Peacefully protesting local government workers in Plateau State were violently dispersed on Monday by a combined team of security operatives.

The workers have for over three weeks been protesting over government’s failure to pay them the new N30,000 minimum wage.

Gathering at the State Secretariat complex for their first round of protests in 2021 at about 10am local time on Monday, Special Forces of the Nigerian Army, believed to be attached to Operation Safe Haven, the Special Task Force maintaining peace in Plateau and Kaduna States, trooped along with Police and other Security Forces, firing teargas and brutalizing the protesters, it was learnt.

A protestor who would not be named for security reasons said the Special Forces, over 100 of them on motorcycles ran over some workers, causing severe injuries.

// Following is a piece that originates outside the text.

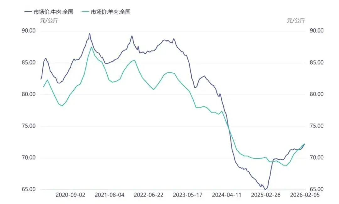 鲜菜价格是CPI波动中季节性最强、短期波动最大的品类之一。2025年2月,鲜菜价格同比下降12.6%,成为拖累食品CPI的重要因素。这一大幅回落主要源于2024年同期受春节因素和极端天气影响,鲜菜价格异常高企,形成了较高的比较基数;同时,2025年初气候条件有利,蔬菜供应充足,价格本身也处于相对低位。鲜菜价格的短期剧烈波动对CPI分析带来挑战——单月的大幅涨跌可能扭曲对整体价格走势的判断,因此需要结合多个月份数据或采用移动平均方法进行处理。从全年走势看,2025年鲜菜价格总体低于上年,对CPI形成持续拖累;2026-2027年,鲜菜价格走势将主要取决于气候条件,若出现极端天气事件,可能成为CPI上行风险来源。6.1.3 牛羊肉价格:2025年2月同比分别下降13.3%、6.6%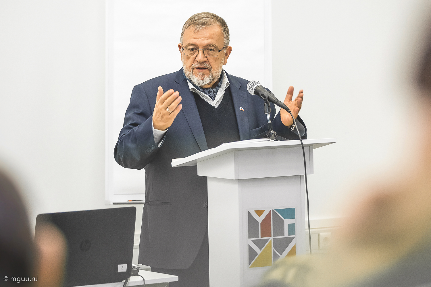 Далее выступил Владимир Зорин — член Совета при Президенте РФ по межнациональным отношениям, заместитель председателя Совета по делам национальностей при Правительстве Москвы, профессор кафедры российской политики факультета политологии МГУ имени М.В. Ломоносова, доктор политических наук, профессор.

Some aged women nearing retirement said they were brutalized and their clothes torn by the securities.

Officials of the Nigerian Police and the STF have yet to comment, but several videos and pictures of the supposed violence have surfaced online.

About 80 of the protesters were arrested while being dispersed, and prosecuted at the Magistrate Court Kasuwa Nama and Magistrate JMDB, both in Jos.

They were charged with Criminal Conspiracy, Abandonment of Duty and Disturbance of Public Peace.

The prosecution presented their case but the case was adjourned to 15th February for the Defendants to open their defense.

The Defense Counsels – Barr. Daniel Mankilik, Barr. G.G. Achi and Barr. Johnson however applied for bail for the accused, which was granted.

The workers however resumed the protests on Tuesday, saying they will not give up until their demands are granted.

Securities again gathered to disperse them but soon withdrew, following reported superior orders.

Officials of the Local Government workers’ union say government paid them half of the previous N19,000 minimum wage for nine years, despite repeated calls and petitions for an upgrade.

According to Mr. Joshua Bala, the Chairman, Nigerian Union of Teachers, the State Government began paying the upgraded N30,000 minimum wage last year but excluded its members.

The disparities, Bala said amounts to abuse of rights and a breach of labour laws.

The government has however insisted that it does not receive or manage local government finances and therefore could not be held for the shortfall in payments.